(Information given Opens)

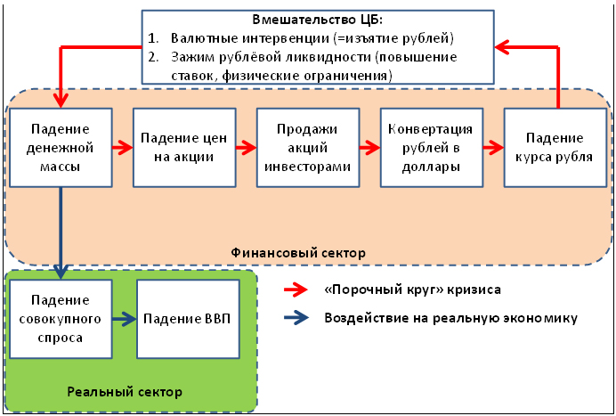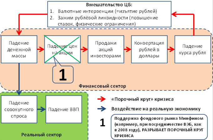 На этом этапе зарождающийся кризис было купировать легко: необходимо было вернуть темпы роста денежной массы к привычным для экономики значениям. Это мог сделать Минфин, отказавшись от политики концентрации рублевой массы на счетах Казначейства в ЦБ. Это мог сделать ЦБ, компенсировав действия Минфина собственными силами. Но всё произошло «с точностью до наоборот»: дальше действовало сразу три «порочных круга» (по научному: «положительная обратная связь»).
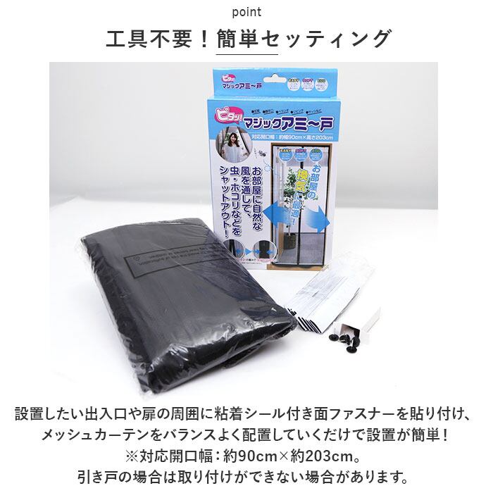 ・設置したい出入口や取らびの周囲に粘着シール付き面ファスナーを貼り付け、メッシュカーテンをバランスよく配置していくだけで設置が簡単!(※対応開口幅:約90cm×約203cm。引き戸の場合は取り付けができない場合があります。)
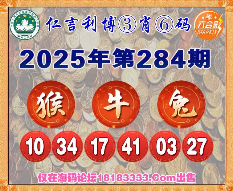 284期: 《仁言利博》 ③肖⑥码【猴牛兔】开:牛41准
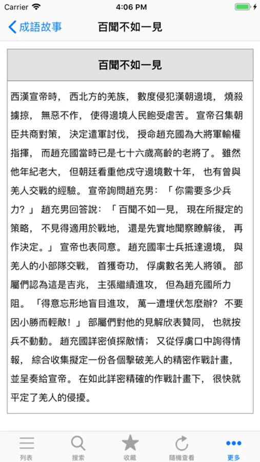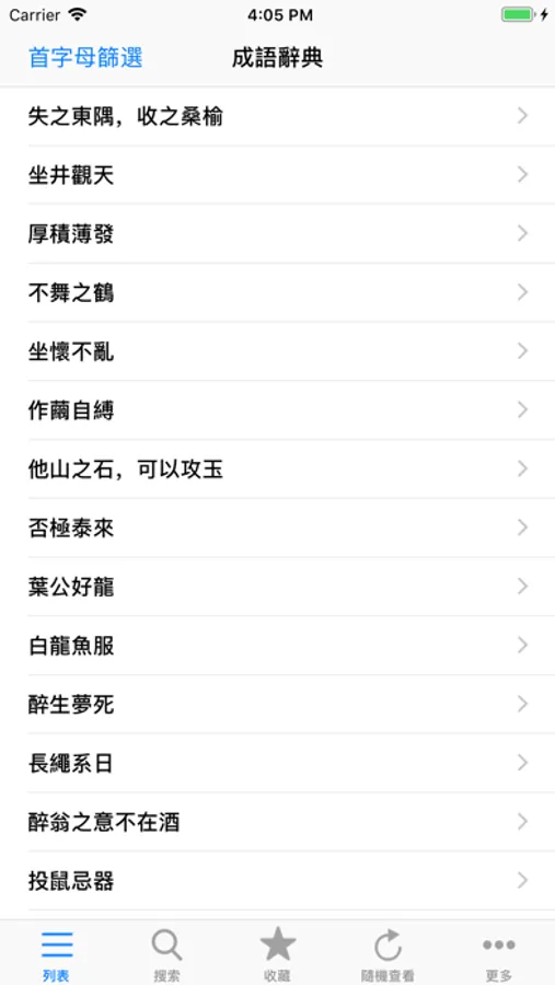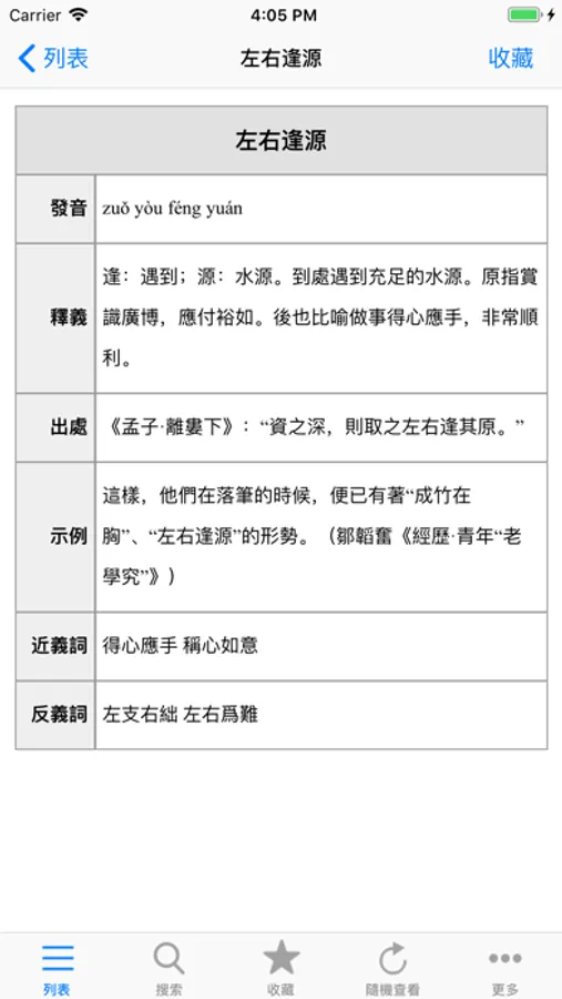 适合最新iOS系统的成语辞典,收录了近四万条成语以及近千条经典成语故事, 同时提供了分类浏览模式, 比如可以按描写季节、心情、天气、人物,出自名人、名著等方式来查看成语。
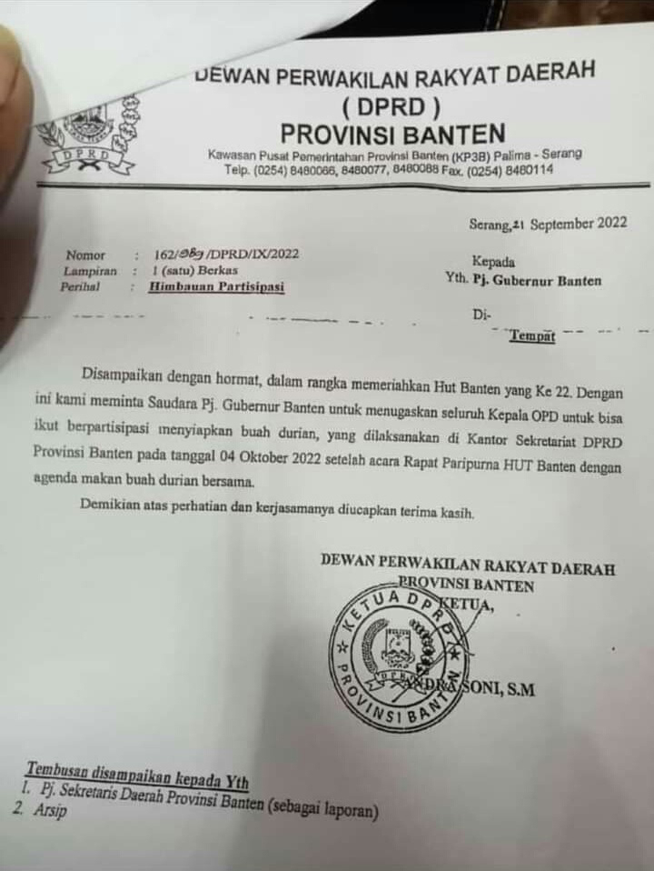 Dalam surat tersebut dinyatakan agar OPD menyiapkan durian untuk dimakan bersama dalam acara yang dilaksanakan di Sekretariat DPRD Banten pada 4 Oktober 2022 usai rapat paripurna HUT Banten.
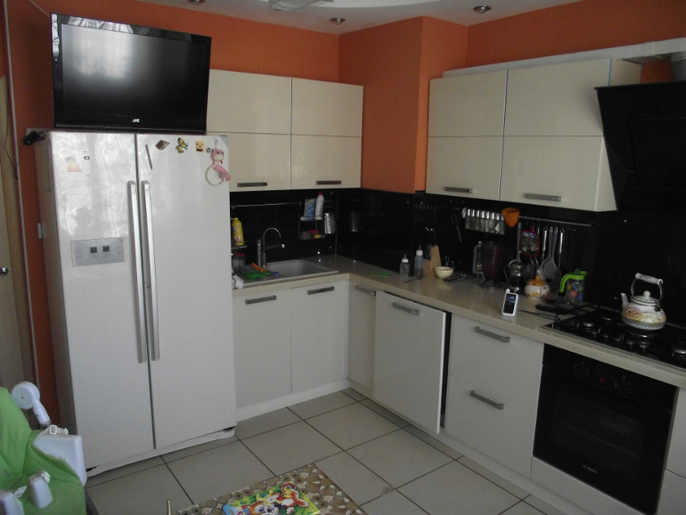 Интерьерное решение кухниФото под катом. У нас кухня перекрашена. Изначально муж самостоятельно купил обои,совсем неподходящие под кухню,я решила перекрасить в бежевый цвет, и кухня вообще потерялась. Потом я решила сделать 2 стены оранжевого цвета,где сама кухня, остальные 2 стены оставить бежевыми. Но меня уже угнетает этот оранжевый цвет стен...к тому же с сочетанием черного....Сторона не солнечная,хочется чего-то светлого,чтобы сочетался и с кух.уголком. Подскажите в какой цвет перекрасить кухню!!!!!???? Всё,что советовали на других сайтах вообще не подойдет,многие говорили бежевый,Карамельный,зеленый,но это не то....я даже делала в фотошопе стены зеленого и голубого цвета,полная ерунда. Может попробовать тон персика и кораллового?? нежные,приближенные к белому цвету.

(Information given Closes)

» Work to complete:
Word for word, restate the records shown above, minus the pictures.

» Written response:
 На этом этапе зарождающийся кризис было купировать легко: необходимо было вернуть темпы роста денежной массы к привычным для экономики значениям. Это мог сделать Минфин, отказавшись от политики концентрации рублевой массы на счетах Казначейства в ЦБ. Это мог сделать ЦБ, компенсировав действия Минфина собственными силами. Но всё произошло «с точностью до наоборот»: дальше действовало сразу три «порочных круга» (по научному: «положительная обратная связь»).
 ・設置したい出入口や取らびの周囲に粘着シール付き面ファスナーを貼り付け、メッシュカーテンをバランスよく配置していくだけで設置が簡単!(※対応開口幅:約90cm×約203cm。引き戸の場合は取り付けができない場合があります。)
 284期: 《仁言利博》 ③肖⑥码【猴牛兔】开:牛41准
 适合最新iOS系统的成语辞典,收录了近四万条成语以及近千条经典成语故事, 同时提供了分类浏览模式, 比如可以按描写季节、心情、天气、人物,出自名人、名著等方式来查看成语。
 Dalam surat tersebut dinyatakan agar OPD menyiapkan durian untuk dimakan bersama dalam acara yang dilaksanakan di Sekretariat DPRD Banten pada 4 Oktober 2022 usai rapat paripurna HUT Banten.
 Интерьерное решение кухниФото под катом. У нас кухня перекрашена. Изначально муж самостоятельно купил обои,совсем неподходящие под кухню,я решила перекрасить в бежевый цвет, и кухня вообще потерялась. Потом я решила сделать 2 стены оранжевого цвета,где сама кухня, остальные 2 стены оставить бежевыми. Но меня уже угнетает этот оранжевый цвет стен...к тому же с сочетанием черного....Сторона не солнечная,хочется чего-то светлого,чтобы сочетался и с кух.уголком. Подскажите в какой цвет перекрасить кухню!!!!!???? Всё,что советовали на других сайтах вообще не подойдет,многие говорили бежевый,Карамельный,зеленый,но это не то....я даже делала в фотошопе стены зеленого и голубого цвета,полная ерунда. Может попробовать тон персика и кораллового?? нежные,приближенные к белому цвету.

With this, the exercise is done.